Let's talk about Blockchain

Adiel Lizama
May 10, 2022
Let's talk about Blockchain
Blockchain. (2018, 28 febrero). [Ilustracion]. https://www.delitosfinancieros.org/varios-paises-se-estan-estudiando-minuciosamente-la-tecnologia-de-blockchain-para-combatir-la-corrupcion/

Blockchain has become a buzz word not only in the cybersecurity but more notoriously in the financial sector, through cryptocurrency; however, often times the concept of blockchain is still confusing for many people. In this blog article we will be going through the fundamentals of blockchain.

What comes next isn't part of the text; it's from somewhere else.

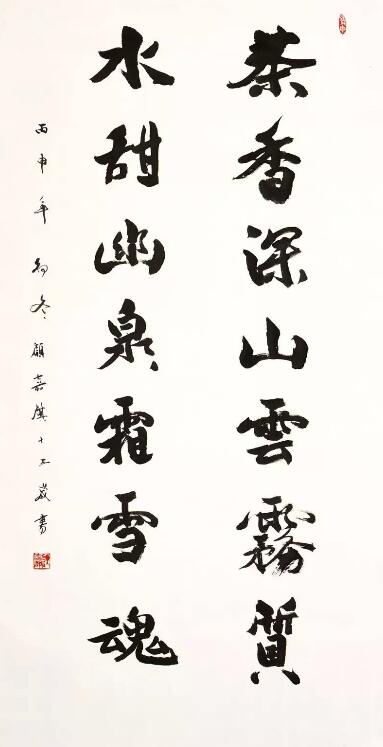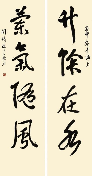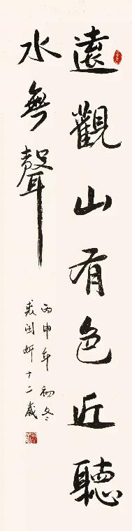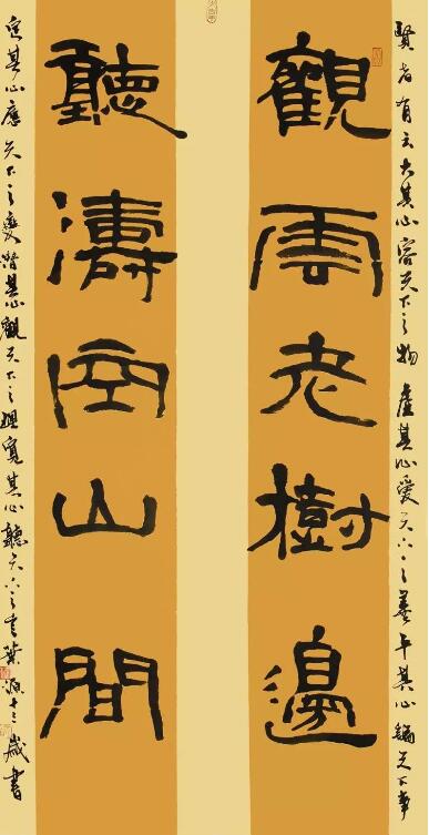 ■ 点评:这件对联写的平整舒展,宽博大度,得《石门颂》笔意。两側齐平的行书款也写得很出色,与大字融为一体。如要进一步提高的话,应从改进个别笔画入手,如"聽"字的长捺不够稳重等。另外,"山"字的变小,造成了周边空白过多与整体稍有不协调感。

Blockchain is presented to us as a record book that cannot be manipulated or altered, it has a decentralized design that consists of a series of machines or nodes, which keep a copy of the record and are updated as operations are carried out. To achieve this P2P (peer to peer) connections are used, with this the records are synchronized and validated in all the nodes.

Blockchain, as the name implies, is a chain of blocks whose first block serves as a template for subsequent ones. The first block is the one that will have the "header" data and will also create the hash to encode our records, the blocks that follow will calculate their own hash based on the previous one.  The hash is a string of letters and numbers that serves as an identifier, each block of the chain will have its own identifier.

The history of blockchain

The concept of blockchain dates to 1991, it was proposed to use cryptography for an electronic payment system. This first approach was evolving until in 2008 a person (or a group of people) with the pseudonym of Satoshi Nakamoto published the mechanism and implementation of a digital currency, bitcoin.

On January 3, 2009, the blockchain that today makes up the bitcoin project begins to work, thus becoming the first established cryptocurrency.  Today there are more than 1000 cryptocurrencies.

Blockchain and cryptocurrency

Now, cryptos. Cryptocurrencies use the blockchain model, allowing nodes to provide processing power for the validation of records.  Let's think of the blockchain as a ledger or a transactional database. When a user offers processing power for the generation of new blocks he is known as "Miner" and is rewarded with digital currencies, among the most popular are Bitcoin, TRON, Ethereum, etc.  In the update, there are several blockchains focused on cryptocurrencies, as well as the registration of other tokens such as tickets, images, audio, and video.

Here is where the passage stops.